Actual results could differ from those estimates.
ORGANIZATION
Greenwich Air Services, Inc. ("GASI") and its subsidiaries (collectively,
the "Company" or "Greenwich") overhauls, repairs, and refurbishes gas
turbine engines and components used in aviation, marine and industrial
applications. The Company also manages government and military service and
maintenance programs, and provides management services for the sale,
refurbishment and installation of complete gas turbine power plants.
On June 10, 1996, the Company, through its newly-formed, wholly-owned
subsidiary GASI Engine Services Corporation, purchased (a) substantially
all of the assets and business of the commercial engine services divisions
(the "CES Divisions") of Aviall, Inc. ("Aviall"), and (b) all of the
issued and outstanding shares of Aviall Limited, a subsidiary of Aviall
(collectively, the "Former Aviall Operations"). The CES Divisions included
(i) all of the engine repair and overhaul operations of Aviall located in
Dallas and Fort Worth, Texas and (ii) the components and parts repair
business of Aviall located in McAllen, Texas. Aviall Limited, which has
been renamed Greenwich Caledonian Limited ("Greenwich Caledonian")
operated an engine repair and overhaul facility in Prestwick, Scotland.
RECENTLY ISSUED ACCOUNTING PRONOUNCEMENTS
In March 1995, the Financial Accounting Standards Board ("FASB") issued
Statement of Financial Accounting Standards ("SFAS") No. 121, ACCOUNTING
FOR THE IMPAIRMENT OF LONG-LIVED ASSETS AND FOR LONG-LIVED ASSETS TO BE
DISPOSED OF. SFAS No. 121 was adopted by to the Company as of October 1,
1996 without any impact.
In October 1995, the FASB issued SFAS No. 123, ACCOUNTING FOR STOCK-BASED
COMPENSATION. The Company intends to adopt the pro forma disclosure
features of SFAS No. 123, which are effective for fiscal year 1997. The
adoption of these pro forma disclosure features will not have any impact
on the Company's present accounting for stock-based compensation.

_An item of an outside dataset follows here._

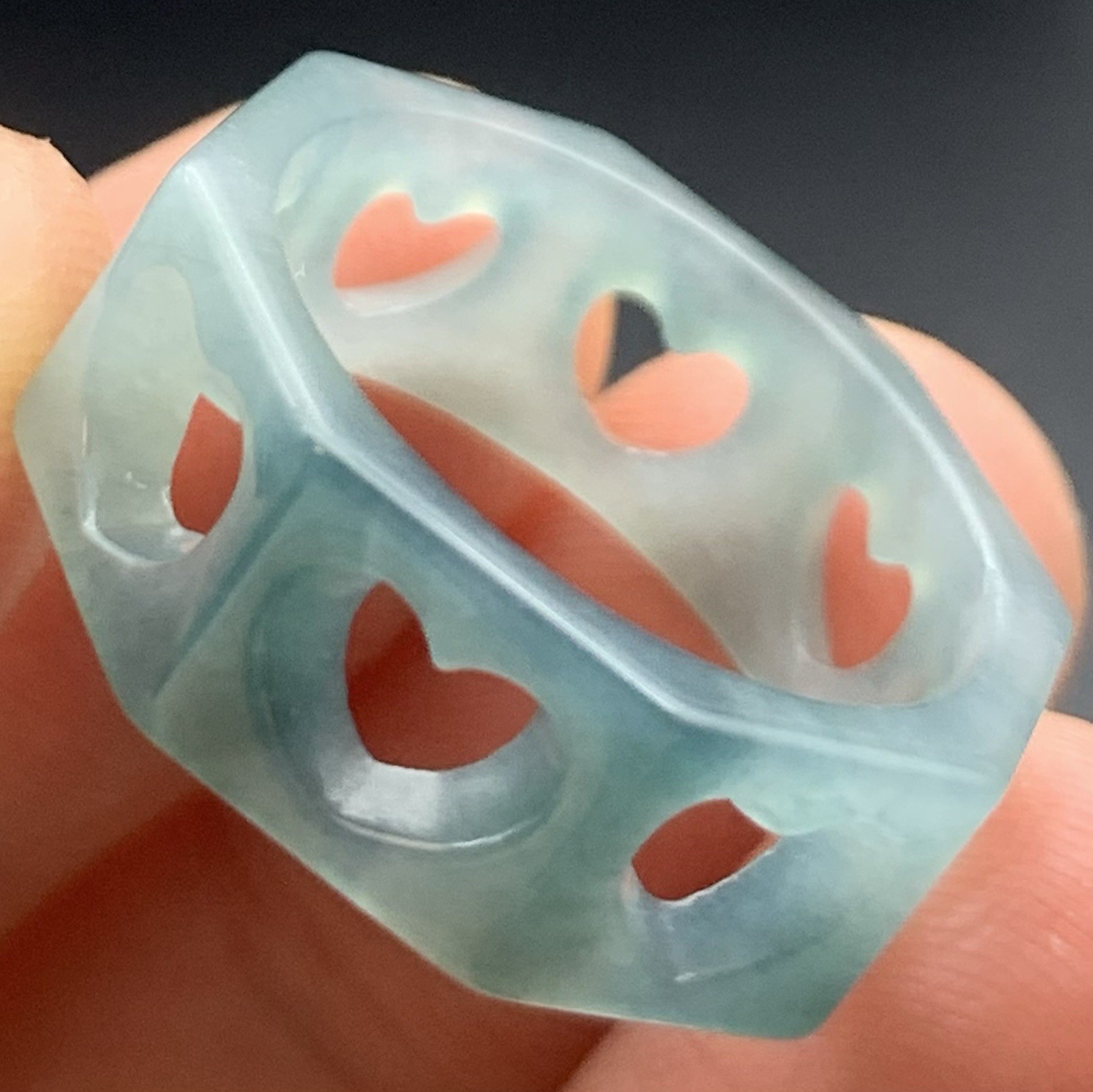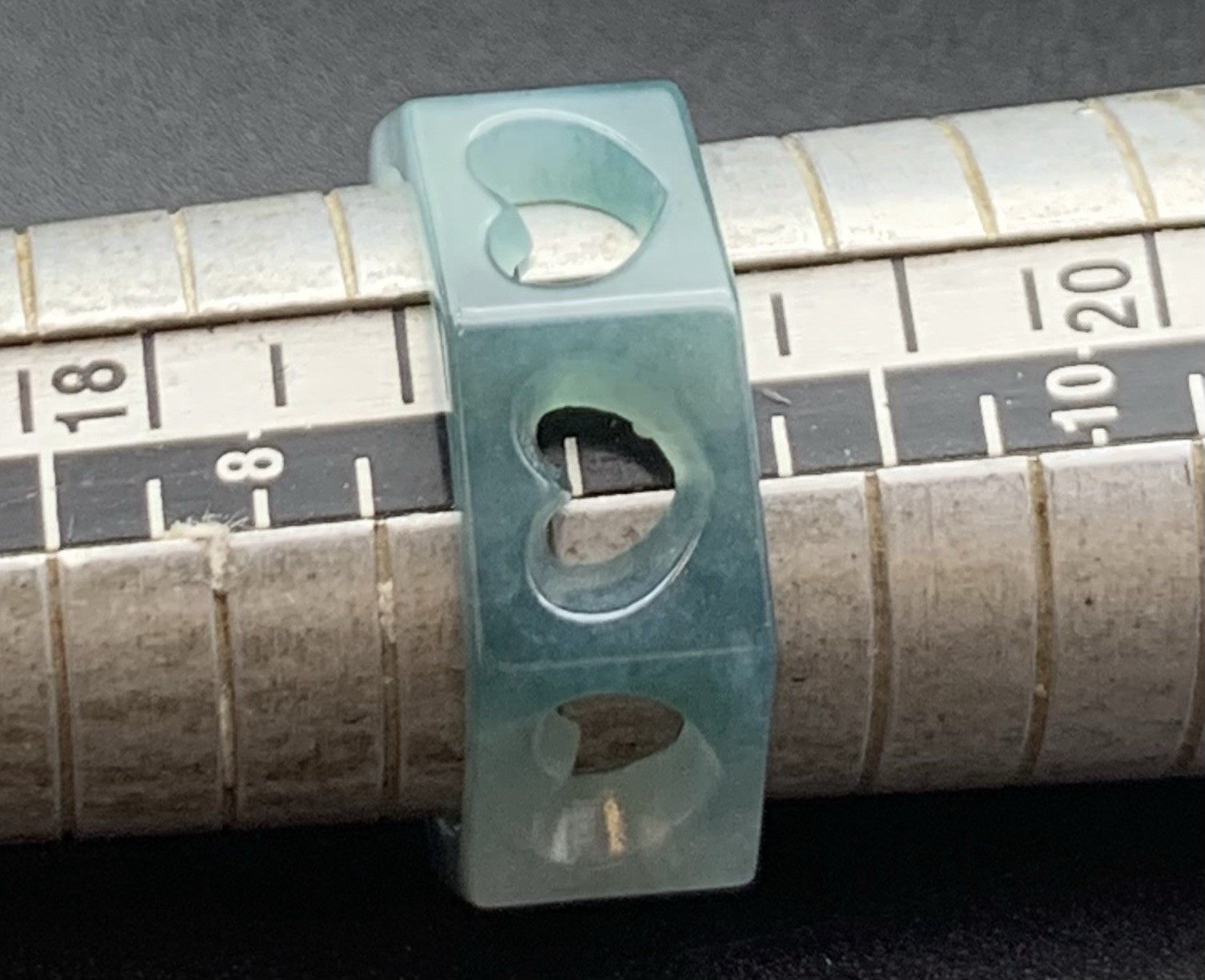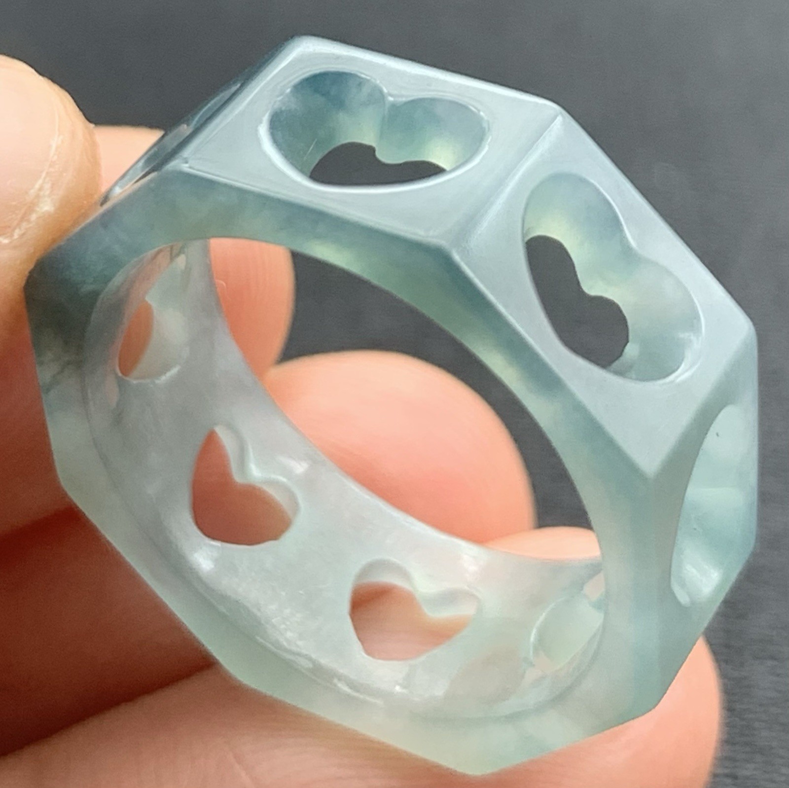 Video Certified Green A Jadeite Jade Love Heart Circle Ring NO. 8.75 419535

In February 1997, the FASB issued SFAS No. 128, EARNINGS PER SHARE. The
statement is effective for financial statements for periods ending after
December 15, 1997, and changes the method by which earnings per share will
be determined. Adoption of this statement by the Company is not expected
to have a material impact on earnings per share.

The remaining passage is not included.